Ramaphosa and Gigaba have allowed a good crisis to go to waste.
Budgets do not represent the sum total of a government’s economic policy. They indicate the direction of things to come. As many suspected, the 2018 budget will hit poor and working class people harder. They will bear the brunt of expenditure and tax proposals meant to resolve the debt crisis the economy was heading towards.
Gigaba and Ramaphosa have set us on a path of economic regression. The optimism that greeted the demise of former President Jacob Zuma and Ramaphosa’s ascent to power will be eroded. It will be eroded by a futile attempt at going back to GEAR and an outdated reliance on the Mineral Energy Complex. The poverty, unemployment and inequality these strategies have spawned will get worse.

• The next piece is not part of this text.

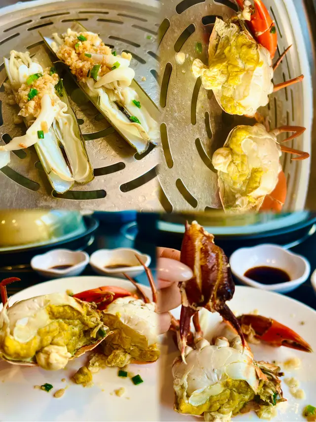 我們選了生猛肉蟹|日本元貝|深海龍躉|活大蟶子✨海鮮全部都好大隻勁新鮮!!每款海鮮蒸煮的時間都不同,服務員會幫手蒸,肉蟹肥美且爆膏超正👍🏻元貝厚到要切兩層,粉絲墊底蒸出來原汁原味的甜👻👻

This budget is GEAR-like, in the deep cuts in expenditure and the reliance on anti-poor tax policies. The industrial strategy it envisages is based on stimulating mining and related heavy industries into somehow becoming “sunrise” industries. In fact, their time has passed. There will be no significant rise of the gold, platinum, coal and iron sectors.

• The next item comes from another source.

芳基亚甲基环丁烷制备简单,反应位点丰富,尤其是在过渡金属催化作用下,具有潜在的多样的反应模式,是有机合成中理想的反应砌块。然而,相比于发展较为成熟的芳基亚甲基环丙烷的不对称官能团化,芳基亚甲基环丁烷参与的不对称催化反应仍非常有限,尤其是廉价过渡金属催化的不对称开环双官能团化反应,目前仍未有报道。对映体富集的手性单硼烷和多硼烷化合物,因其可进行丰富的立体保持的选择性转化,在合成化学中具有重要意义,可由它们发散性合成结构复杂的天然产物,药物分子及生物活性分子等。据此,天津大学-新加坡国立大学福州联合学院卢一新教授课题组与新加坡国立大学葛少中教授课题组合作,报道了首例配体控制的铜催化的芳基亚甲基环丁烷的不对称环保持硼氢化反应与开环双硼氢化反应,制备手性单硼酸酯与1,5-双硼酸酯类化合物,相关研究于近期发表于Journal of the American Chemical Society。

It is also GEAR-like in its wager that the global economy and opening further to foreign investors will rescue the South African economy. Even when SA had an iconic President in the form of Mandela, foreign investment failed to materialise. New president Ramaphosa should not be under the illusion that “Special Economic Zones”, subsidised wages for big business and privatisation of state-owned enterprises will bring “manna from heaven”.
The government should not have increased VAT! There are several alternatives that can provide sufficient funds to deal with the social and economic misery that the vast majority suffer. For example, and contrary to mainstream belief, personal income tax could have been adjusted to restore the effective tax rate on the rich as it was 12-15 years ago. This alone would realise over R100 billion.[1]No doubt, we will now experience how unscrupulous shop owners increase prices by much more than 1 percentage point of VAT allow them.